PORTLAND, Ore. — A KGW investigation found hundreds of Transportation Security Administration workers have failed drug and alcohol tests at airports around the country.
Nationwide, 858 TSA workers tested positive for drugs or alcohol between 2010 and 2016, according to federal records obtained through a Freedom of Information Act request.
The TSA conducts drug and alcohol tests randomly. Tests are also given if there is reasonable suspicion an employee is under the influence.
The highest failure rates occurred at some of the nation’s busiest airports. Fifty-one TSA workers tested positive for drugs or alcohol at Los Angeles International Airport. John F. Kennedy International Airport had 40 employees test positive.
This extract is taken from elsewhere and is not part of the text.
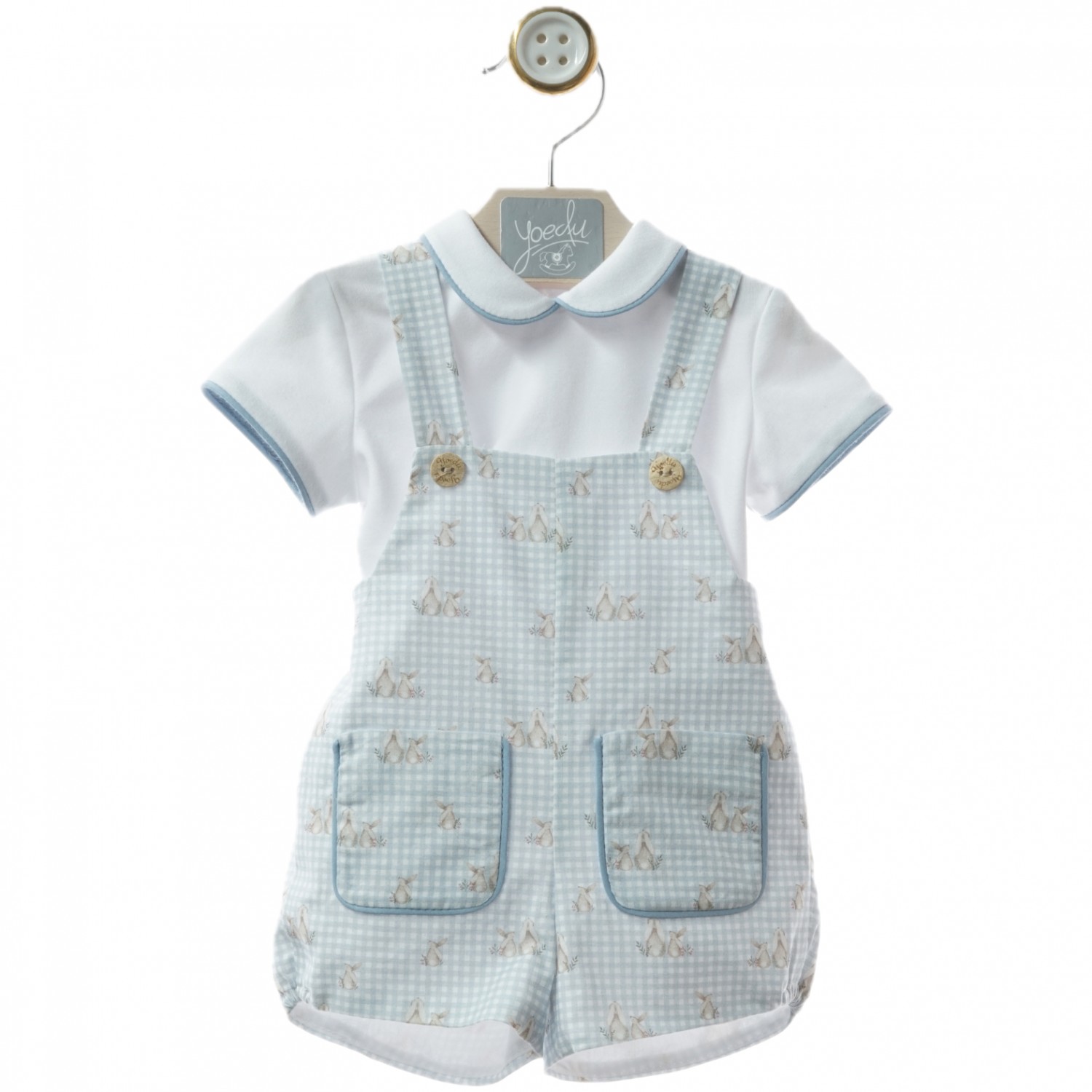 The dungarees, made of a printed fabric with a small-check background in dusty blue, have straps fastened with wooden buttons and welt front pockets.

Boston Logan International Airport had 35 failed tests.
Portland International Airport had six TSA workers test positive for drugs or alcohol from 2010-2016.
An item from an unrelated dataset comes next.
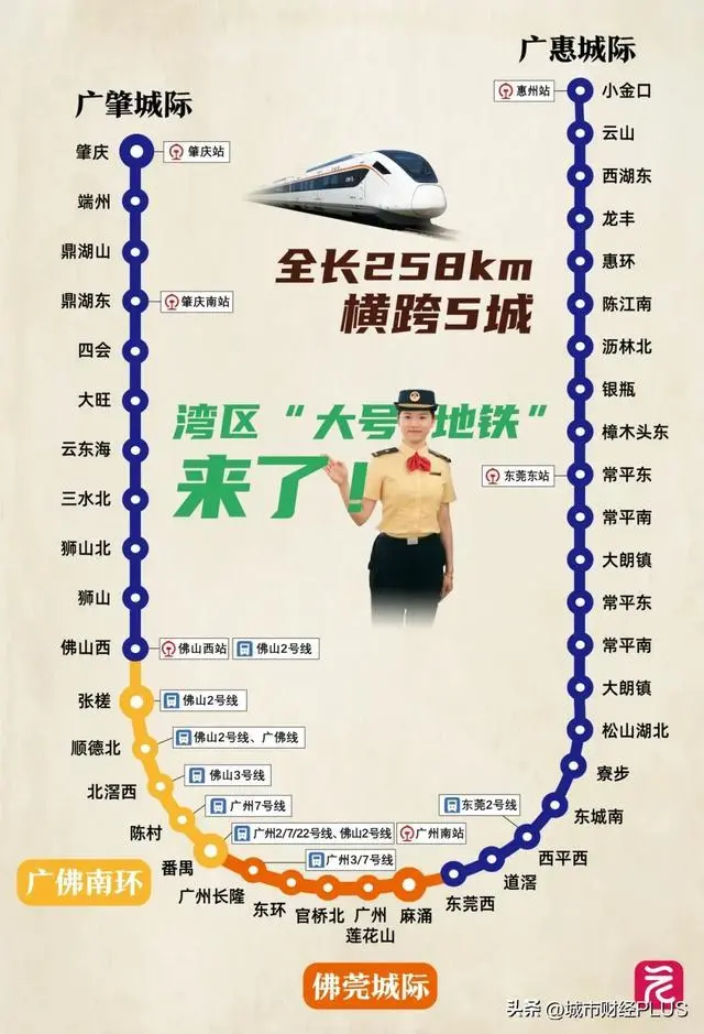 肇庆、惠州:去年开通的广佛南环城际(佛山西站—番禺站)、佛莞城际(番禺站—东莞西站),与佛肇城际(佛山西站-肇庆站)、莞惠城际(东莞西站-小金口站)对接相连,形成一条全长258公里,呈东西走向的超级“地铁”(地铁化运营)。

TSA employees who failed a drug or alcohol test are fired, an agency spokesperson said.
“Illegal substances include, but are not limited to, cocaine, marijuana, opiates, amphetamines, and phencyclidine [PCP],” wrote TSA spokesman Nico Melendez in an email to KGW.
Last year, the TSA conducted random drug tests on 17,649 workers.
Of those tested, 97 employees or 0.55 percent tested positive, which is far below the positive testing rate for other federal employees.
According to Quest Diagnostics, the overall percentage of positive random drug tests for federal employees in “safety sensitive” jobs was 1.5 percent.
“To think that we are going to eliminate that entirely is an unreasonable expectation,” explained homeland security analyst Scott Winegar. “We can optimize what we expect from the screeners and we can optimize the people we select but I don’t think we are ever going to be able to have absolutely zero mistakes.”
A July 2016 report from the U.S. House Homeland Security Committee found increased employee misconduct at the TSA.
“TSA employees have been criminally charged for using cocaine on the job, facilitating large-scale drug and human smuggling, and engaging in child pornography activities,” the report said.
Earlier this month, U.S. Rep. Scott Perry (R-PA) introduced legislation requiring senior TSA officials to oversee the review of discipline when a TSA agent misbehaves. Under current rules, disciplinary actions vary from case to case depending on the supervisor.
The TSA has roughly 60,000 employees working at about 450 airports.
“Our expectation is that they will keep us safe in the airways, so when you put that type of expectation on somebody you would certainly want them fully alert and not inhibited by alcohol or drugs in any way,” explained Winegar.